[[ DATASET, beginning ]]

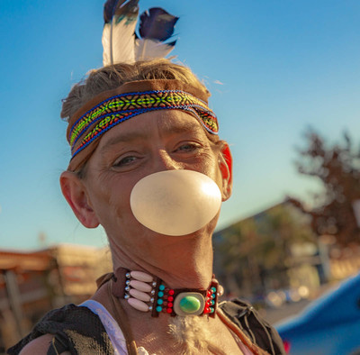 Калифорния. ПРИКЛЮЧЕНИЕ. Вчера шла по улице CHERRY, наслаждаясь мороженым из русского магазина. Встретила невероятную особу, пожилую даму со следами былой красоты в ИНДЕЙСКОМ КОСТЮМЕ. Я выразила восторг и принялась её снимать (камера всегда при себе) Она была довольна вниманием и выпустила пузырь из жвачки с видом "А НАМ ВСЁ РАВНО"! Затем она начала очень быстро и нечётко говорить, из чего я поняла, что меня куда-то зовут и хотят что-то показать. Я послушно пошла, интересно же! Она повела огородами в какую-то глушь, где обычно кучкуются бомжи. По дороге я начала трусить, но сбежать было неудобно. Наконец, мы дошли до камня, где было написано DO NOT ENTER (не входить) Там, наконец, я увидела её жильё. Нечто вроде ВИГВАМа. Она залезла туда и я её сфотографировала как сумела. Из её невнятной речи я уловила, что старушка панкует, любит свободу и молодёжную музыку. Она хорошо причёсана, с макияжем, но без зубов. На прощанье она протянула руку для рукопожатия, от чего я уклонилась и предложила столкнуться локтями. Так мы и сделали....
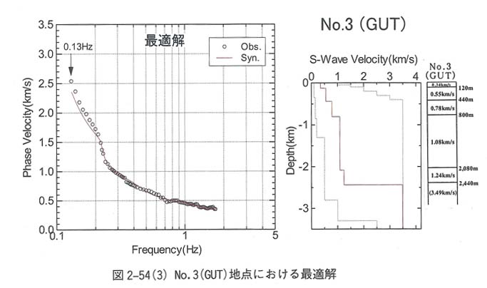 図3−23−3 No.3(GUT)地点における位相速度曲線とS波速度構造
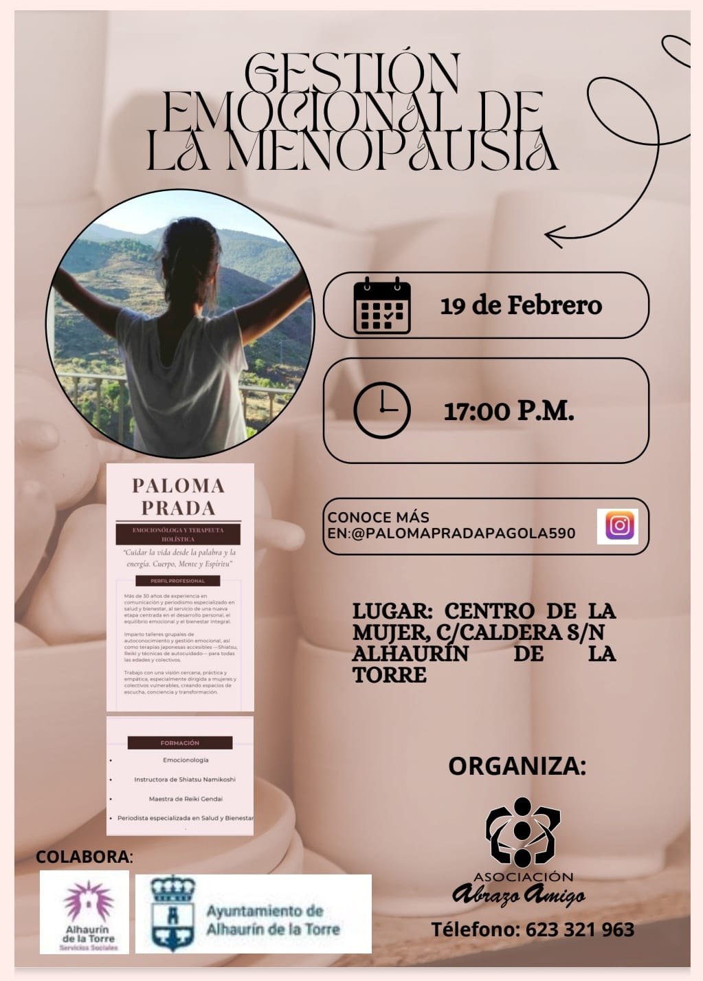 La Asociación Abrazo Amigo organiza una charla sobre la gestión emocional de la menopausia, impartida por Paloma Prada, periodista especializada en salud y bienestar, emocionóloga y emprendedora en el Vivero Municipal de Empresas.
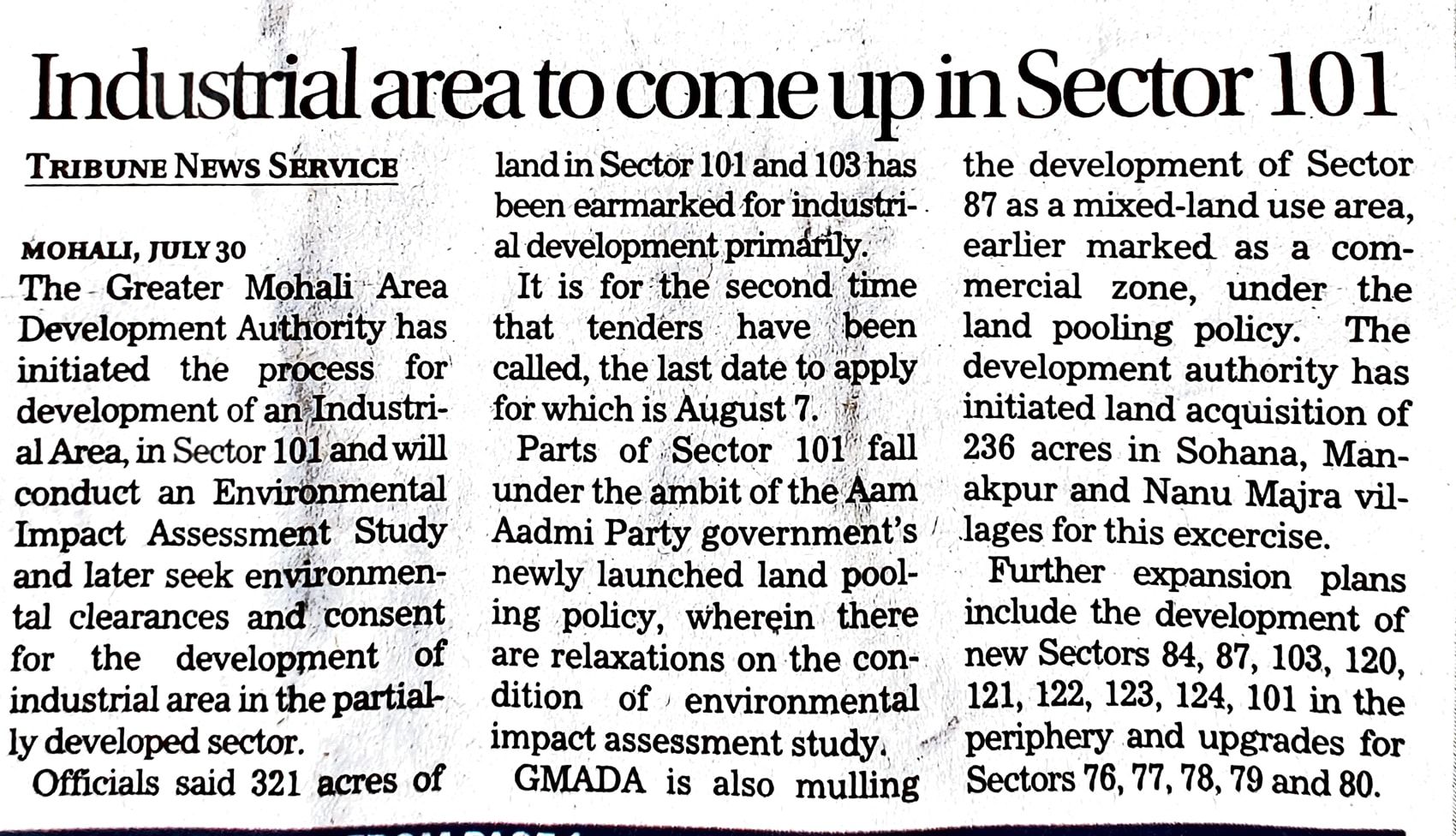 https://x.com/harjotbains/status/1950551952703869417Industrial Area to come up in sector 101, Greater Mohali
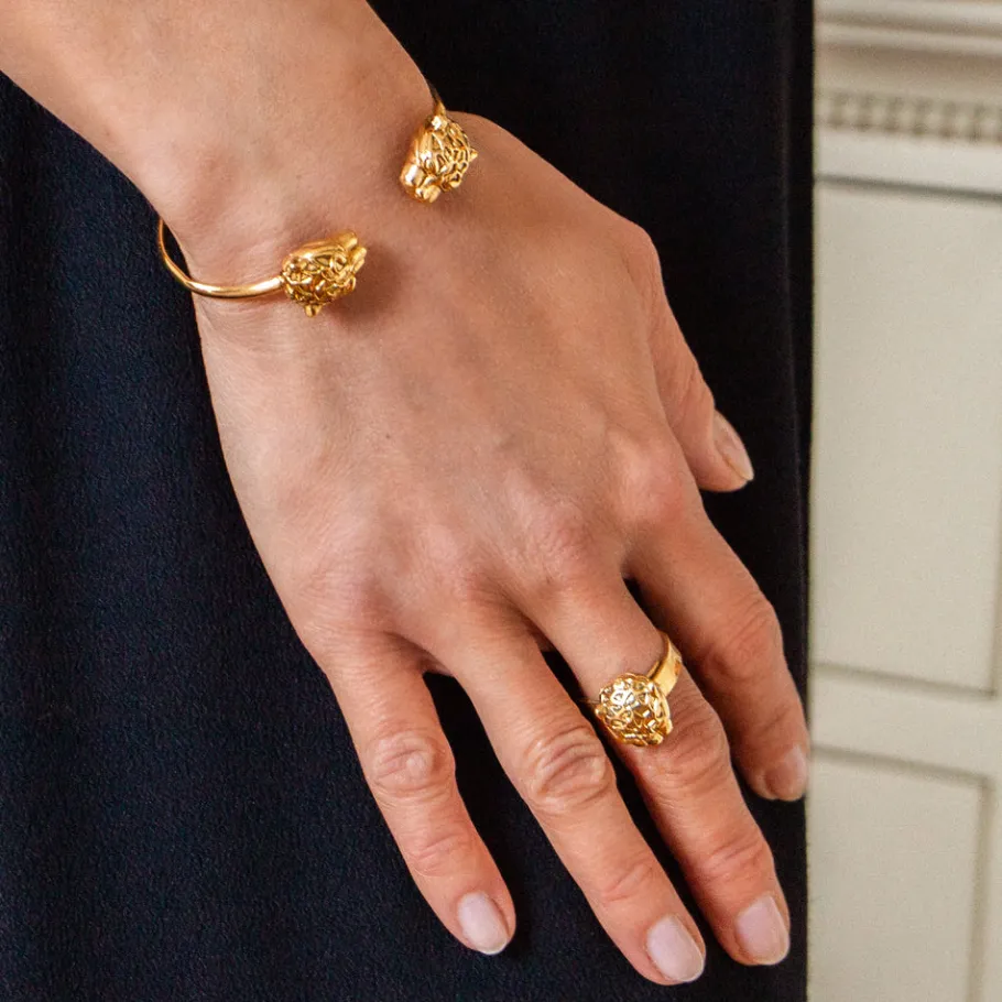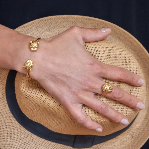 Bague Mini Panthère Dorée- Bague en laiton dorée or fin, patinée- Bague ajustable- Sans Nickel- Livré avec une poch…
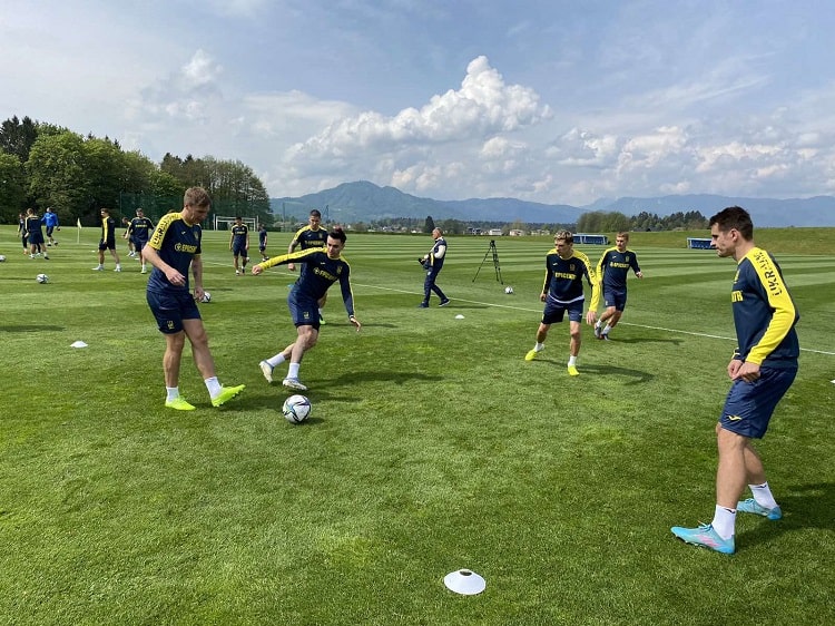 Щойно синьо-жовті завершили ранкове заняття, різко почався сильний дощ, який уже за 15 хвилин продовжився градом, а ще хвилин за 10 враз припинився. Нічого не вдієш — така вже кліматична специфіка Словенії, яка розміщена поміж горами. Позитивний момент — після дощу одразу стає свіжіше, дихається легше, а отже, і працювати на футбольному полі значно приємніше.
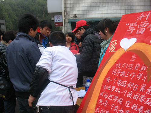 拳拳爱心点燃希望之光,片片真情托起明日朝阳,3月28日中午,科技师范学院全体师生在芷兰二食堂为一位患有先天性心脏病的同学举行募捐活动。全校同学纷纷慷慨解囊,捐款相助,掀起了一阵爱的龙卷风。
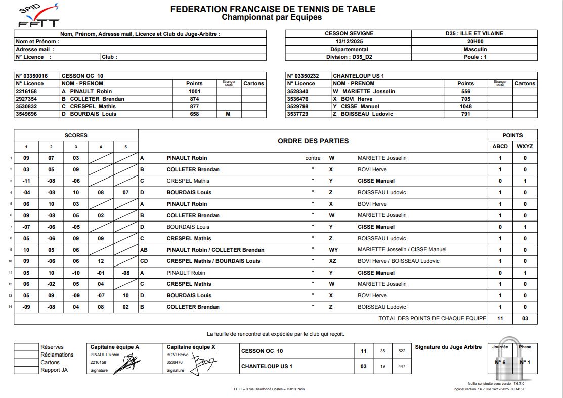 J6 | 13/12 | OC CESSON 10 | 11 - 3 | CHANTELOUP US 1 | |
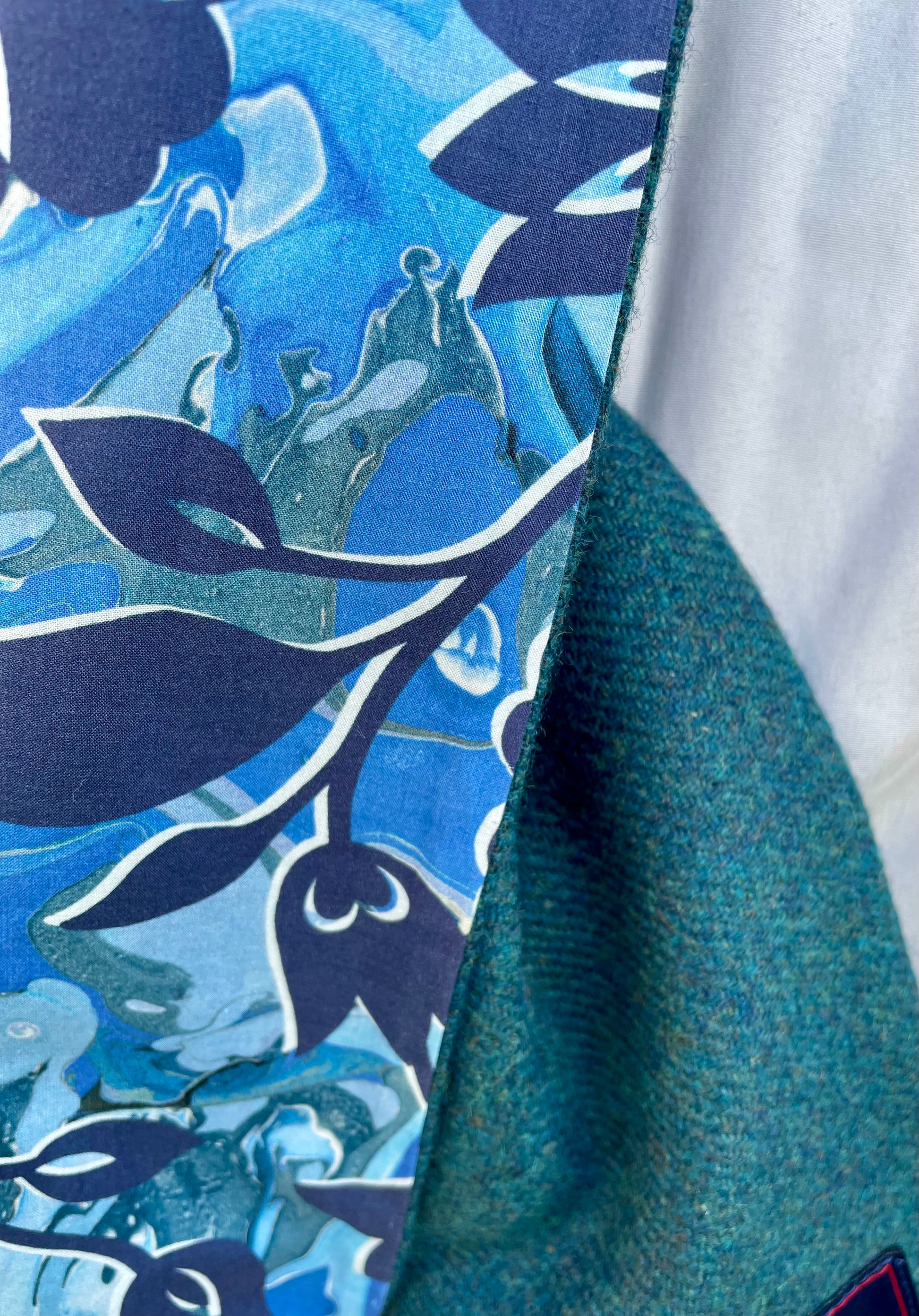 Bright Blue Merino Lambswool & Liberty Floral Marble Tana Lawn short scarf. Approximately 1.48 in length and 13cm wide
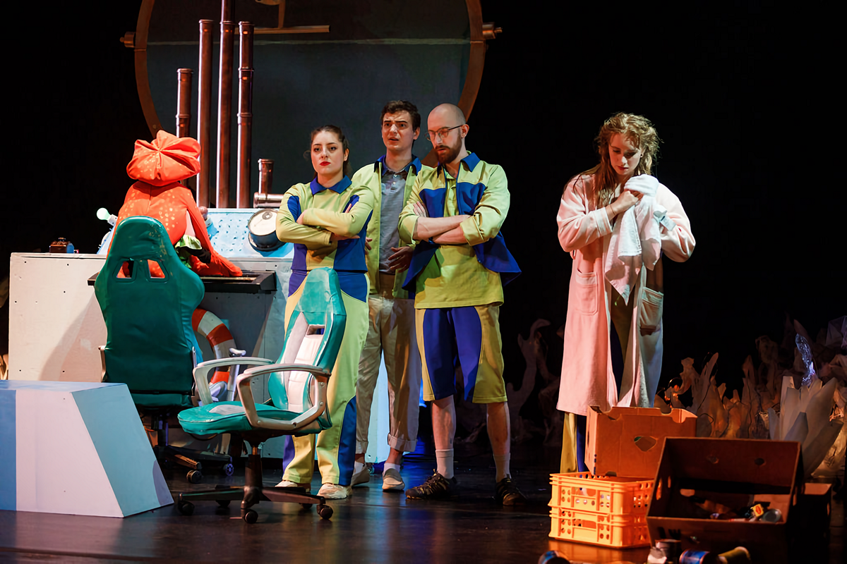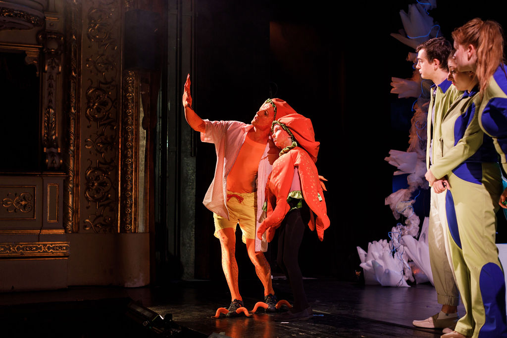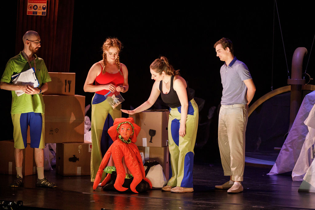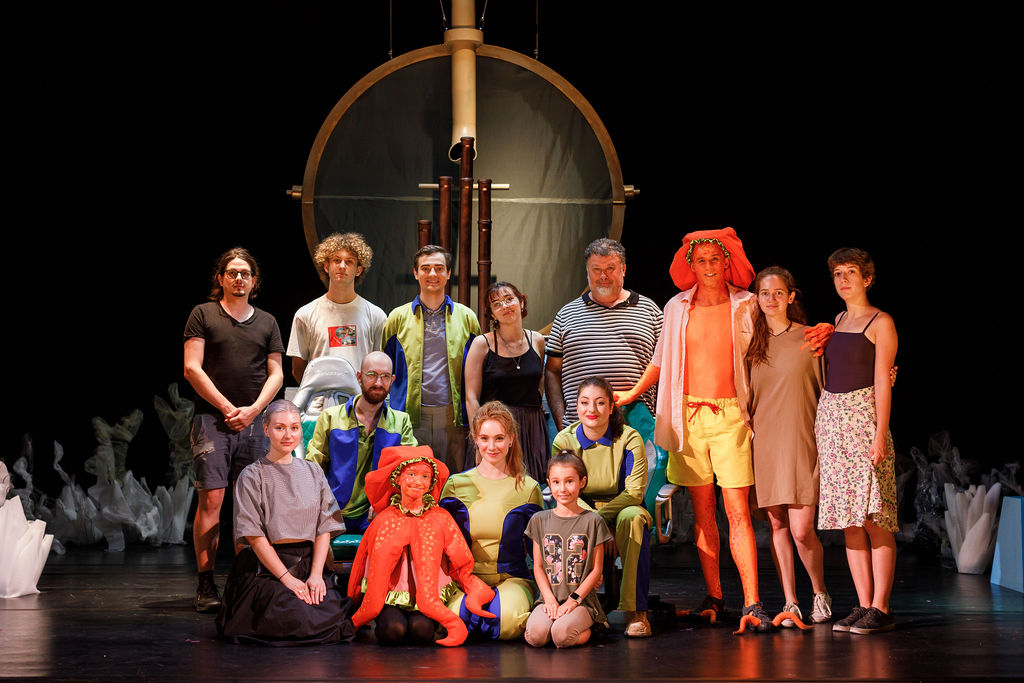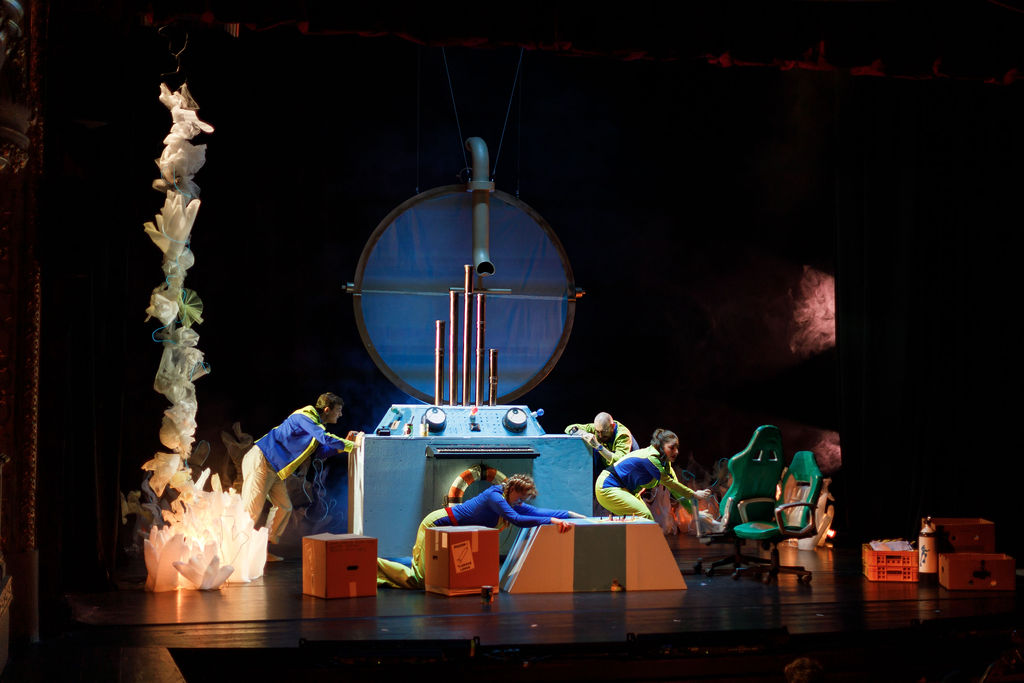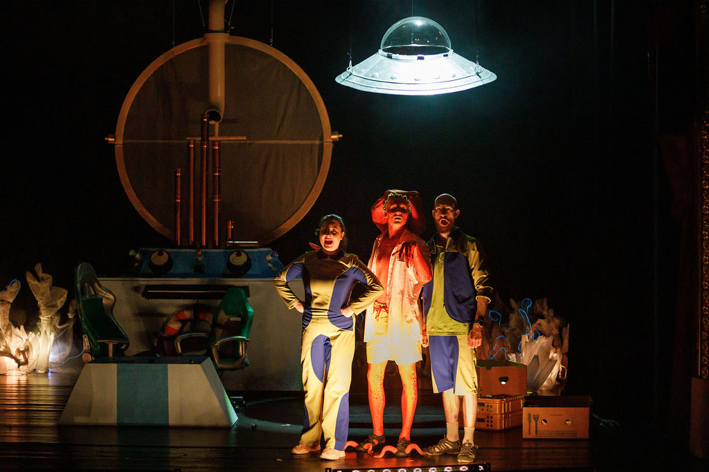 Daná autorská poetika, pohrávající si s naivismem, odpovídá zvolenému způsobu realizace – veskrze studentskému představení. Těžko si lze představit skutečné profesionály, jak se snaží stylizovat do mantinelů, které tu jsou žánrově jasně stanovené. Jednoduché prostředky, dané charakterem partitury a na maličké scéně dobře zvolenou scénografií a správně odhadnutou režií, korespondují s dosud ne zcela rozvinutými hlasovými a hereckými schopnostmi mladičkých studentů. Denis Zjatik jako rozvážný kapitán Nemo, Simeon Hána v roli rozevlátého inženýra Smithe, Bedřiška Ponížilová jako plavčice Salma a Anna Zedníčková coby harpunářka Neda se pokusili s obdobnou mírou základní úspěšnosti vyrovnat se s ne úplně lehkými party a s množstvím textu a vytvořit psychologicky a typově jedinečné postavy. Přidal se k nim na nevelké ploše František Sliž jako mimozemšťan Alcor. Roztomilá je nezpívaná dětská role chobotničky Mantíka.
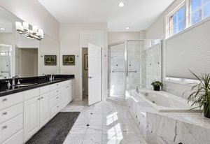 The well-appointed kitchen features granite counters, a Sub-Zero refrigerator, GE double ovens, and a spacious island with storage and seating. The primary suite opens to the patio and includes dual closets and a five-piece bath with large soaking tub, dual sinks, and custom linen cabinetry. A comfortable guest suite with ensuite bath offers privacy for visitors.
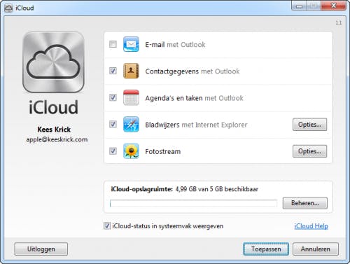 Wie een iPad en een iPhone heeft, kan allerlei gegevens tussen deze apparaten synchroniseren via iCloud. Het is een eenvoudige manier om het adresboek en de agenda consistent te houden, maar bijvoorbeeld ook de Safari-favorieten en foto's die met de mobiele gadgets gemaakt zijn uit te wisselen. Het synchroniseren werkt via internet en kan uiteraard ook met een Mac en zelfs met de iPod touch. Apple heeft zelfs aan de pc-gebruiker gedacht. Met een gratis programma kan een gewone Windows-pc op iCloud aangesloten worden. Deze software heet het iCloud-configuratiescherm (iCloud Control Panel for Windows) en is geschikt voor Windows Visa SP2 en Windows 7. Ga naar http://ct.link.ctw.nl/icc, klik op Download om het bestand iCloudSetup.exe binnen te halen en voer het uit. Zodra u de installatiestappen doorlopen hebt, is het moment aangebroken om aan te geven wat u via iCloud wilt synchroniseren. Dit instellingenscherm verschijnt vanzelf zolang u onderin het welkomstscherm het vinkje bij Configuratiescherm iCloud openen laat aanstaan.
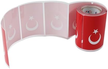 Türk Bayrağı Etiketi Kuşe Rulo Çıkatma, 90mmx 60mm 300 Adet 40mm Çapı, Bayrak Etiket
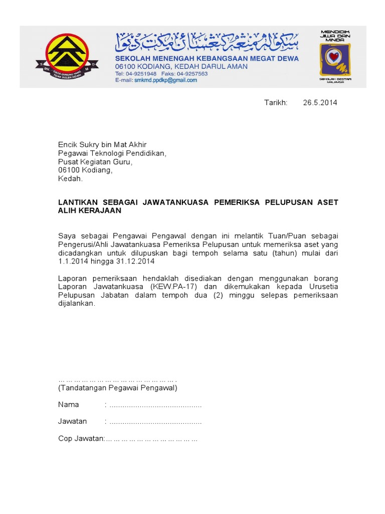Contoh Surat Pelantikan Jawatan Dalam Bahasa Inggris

[[ DATASET, end ]]

ABOUT THIS EXERCISE -
Set down exactly, with no additions, each line from the line that includes "Wie een iPad" to the final line of the entries above; leave pictures out.

THE ANSWER -
 Wie een iPad en een iPhone heeft, kan allerlei gegevens tussen deze apparaten synchroniseren via iCloud. Het is een eenvoudige manier om het adresboek en de agenda consistent te houden, maar bijvoorbeeld ook de Safari-favorieten en foto's die met de mobiele gadgets gemaakt zijn uit te wisselen. Het synchroniseren werkt via internet en kan uiteraard ook met een Mac en zelfs met de iPod touch. Apple heeft zelfs aan de pc-gebruiker gedacht. Met een gratis programma kan een gewone Windows-pc op iCloud aangesloten worden. Deze software heet het iCloud-configuratiescherm (iCloud Control Panel for Windows) en is geschikt voor Windows Visa SP2 en Windows 7. Ga naar http://ct.link.ctw.nl/icc, klik op Download om het bestand iCloudSetup.exe binnen te halen en voer het uit. Zodra u de installatiestappen doorlopen hebt, is het moment aangebroken om aan te geven wat u via iCloud wilt synchroniseren. Dit instellingenscherm verschijnt vanzelf zolang u onderin het welkomstscherm het vinkje bij Configuratiescherm iCloud openen laat aanstaan.
 Türk Bayrağı Etiketi Kuşe Rulo Çıkatma, 90mmx 60mm 300 Adet 40mm Çapı, Bayrak Etiket
Contoh Surat Pelantikan Jawatan Dalam Bahasa Inggris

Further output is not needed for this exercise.